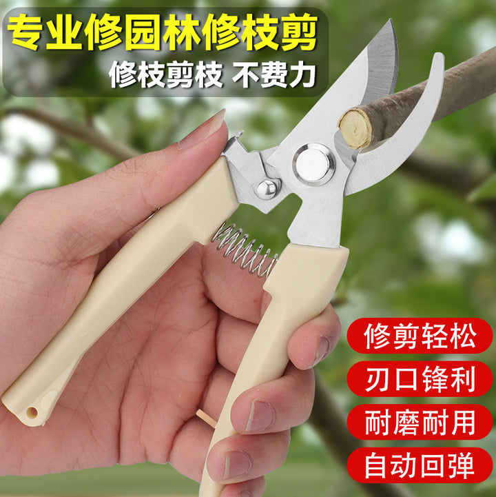 Garden pruning shears, fruit picking shears, gardening stainless steel strong scissors, multi-functional springs, hand tools, Yangjiang scissors
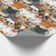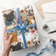 Modern Rustic Floral Pug Dogs Pattern Wrapping Paper
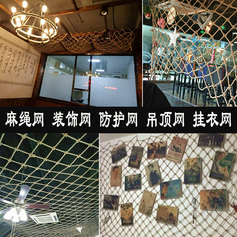 Hemp Rope Mesh Suspended Ceiling Decoration Mesh Rope Protective Net Climbing Nets Kindergarten Retro Wall Hanging Stairs Weaving

## [WHAT NEEDS TO BE DONE]
Would you retype each line above exactly and skip every image?

## [EXERCISE ANSWER]
 Garden pruning shears, fruit picking shears, gardening stainless steel strong scissors, multi-functional springs, hand tools, Yangjiang scissors
 Modern Rustic Floral Pug Dogs Pattern Wrapping Paper
 Hemp Rope Mesh Suspended Ceiling Decoration Mesh Rope Protective Net Climbing Nets Kindergarten Retro Wall Hanging Stairs Weaving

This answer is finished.